By a whopping 10–3 margin, the Third Circuit judges agreed with that argument. The “knowledge that pain and suffering will be the certain outcome of conduct,” the Pierre majority held, was “not enough for a finding of specific intent” to torture — the exactingly high mental state prescribed in the CAT and the torture statute. To prove torture, it would be necessary for a prosecutor to show “the additional deliberate and conscious purpose of accomplishing” severe pain and suffering. Without an evil motive to torture the victim, there is no torture even if great pain and suffering result.
That this was the controversial Bybee/Yoo theory was not lost on the Pierre Court. The three minority judges pointed out that the majority was adopting it even though the Justice Department’s OLC, under new management in 2004, had withdrawn the 2002 Bybee/Yoo guidance. That point, however, only underscores the persuasiveness of the Bybee/Yoo position. The 2004 OLC’s retraction declined to condemn the Bybee/Yoo guidance — it just refused to stand behind it and opined, after some hemming and hawing, that it was not “useful to try to define the precise meaning of ‘specific intent’ ” for torture. To the contrary, the Pierre court determined — as had Bybee and Yoo — that this was exactly the difficult question that needed answering. Looking at much of the same law and ratification history that Bybee and Yoo had studied, the ten judges in the Pierre majority came to precisely the same conclusion: essentially, preferring the controversial 2002 OLC guidance to the 2004 OLC retraction. Furthermore, even the three judges who preferred to 2004 OLC analysis agreed that there could be no torture without proof that a government agent acted with the “knowledge or desire” that severe pain or suffering would result.

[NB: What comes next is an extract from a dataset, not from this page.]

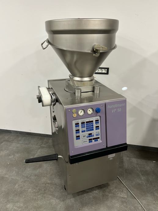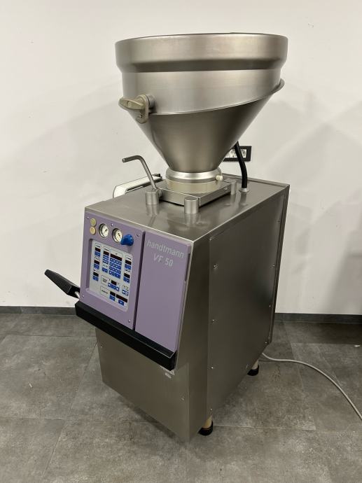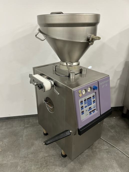 Vakum punilica Handtmann VF50, izuzetno dobro očuvana redovito servisirana. Mogućnost punjenja, porcioniranja(na gram) i parovanja. Punilica je komplet inox, volumen lijevka 80litara, prijenos preko lamela. Punilica je u top stanju, i več je modificiran model (prednji i zadnji poklopac od inoxa).

This Third Circuit legal theory is the exact same legal theory the Obama administration has urged the federal court to adopt in Demjanjuk, where it is fending off torture allegations. It is, simultaneously, the exact same legal theory developed by Bybee and Yoo — the legal theory that forms the basis for the Obama administration’s signaled determination to condemn morally, and potentially to prosecute criminally, its political adversaries.
Given that the Bush DOJ memos in question evince an assiduous effort not to cross the line into torture — i.e., they demonstrate the very opposite of the evil motive to inflict torture that the Obama DOJ has just told a top federal court is necessary to establish a violation — it is simply shameful for the Justice Department to be pursuing this partisan witch-hunt.
Investigate Bush lawyers’ torture analysis one day, cite it favorably the next.